There were awkward moments between Mulder and Scully, where he wanted to continue with the investigation, and she wanted him to stop because she didn't want him getting obsessed again. So she tells him she doesn't want to put up with it, and he says, and I swear, "Good luck." Wha? They at least mentioned William.

Lots of in-jokes. "Nutter's Feed Store" after director David Nutter. "Dr. Ostoff-Koltoff" from the episode where Krycek was in the freighter and the WMM had him handcuffed because he had kidnapped the Russian boy. Ostoff-Koltoff was the sea where the freighter was docked. And there was a title screen that mentioned Manners, a town maybe, which is for Kim Manners. Actor Alex Diakun played one of the creepy Russian doctors. He also played the deformed museum curator in "Humbug," and one of the psychics in "Clyde Bruckman's Final Repose."

Okay, my questions:

1) Ivan was already "wearing" a replacement body in the beginning. Why was he walking around with no problems but suffering and sickly with the woman's body? Why would CKR bring him a diseased body?

2) There was something having to do with AB blood. I'm guessing that was Ivan's blood. But they don't put blood types on medical bracelets, right?

3) They never brought up why the women were wearing the bracelets, unless I missed it.

4) I understand they needed to be in the middle of nowhere to do this surgery, but missing people in a tiny town is so completely translucent. You'd start to notice when one woman disappeared. How did they find all the other bodies? Or did I miss that too?

I shouldn't have to wonder about plot points after the film.

I'm sure I'll think up more later.

I wasn't expecting too much going in, despite being excited. Also, since I hadn't read any spoilers, I had no idea what the film was going to be about. Maybe I should have read some of the spoilers, if only to get a "read the description on the back of the novel" type of idea about the film. It might have helped.

Overall, I was disappointed. The plot had holes (granted, this is after first viewing, so perhaps when I see it again I can pay attention to some of the more glaring questions I have) and I felt the editing left certain points of the film convoluted.
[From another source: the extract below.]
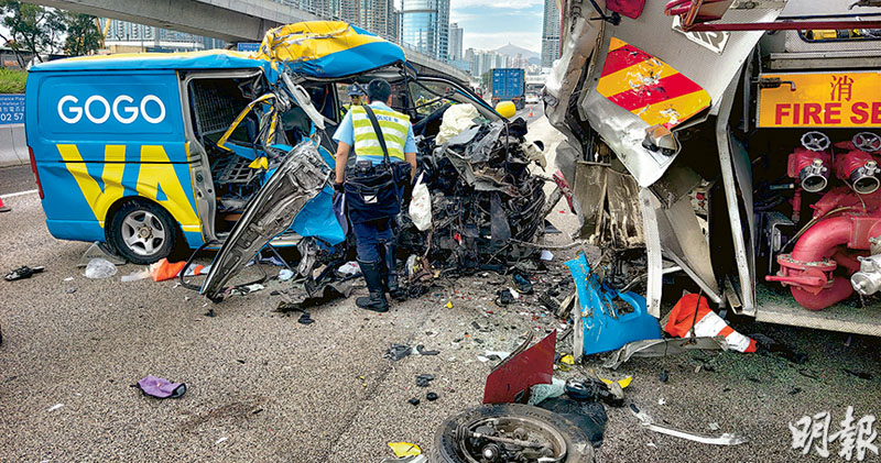 【明報專訊】油麻地昨午發生奪命車禍。一輛車身印有GoGoVan標誌的客貨車沿西九龍公路往葵涌方向行駛,猛撼停在快線處理另一宗交通事故的消防車,客貨車車頭毁如廢鐵,司機送院不治。GoGoX平台確認涉事司機正處理訂單,屬保險涵蓋範圍內。

Billy Connolly was good, but like Scully, you simply can't get past the "buggering 37 boys" thing. It's horrible, and I don't quite see how you can think his psychic connection could redeem him. The best part of the movie was when Scully confronted him about what he said to her, "Don't give up," and she got to be all screechy at him.

And I disliked the "married in the state of Massachusetts" thing. I realize it was a way to make CKR's desperation apparent, but, I dunno. It bothered me. I'm not eloquent enough to describe why.

Anywho -- disappointing, convoluted, needed better editing, needed more Mulder/Scully time and less scenes in the damn hospital, and I wish it would have been a nice Monster of the Week like they originally promised.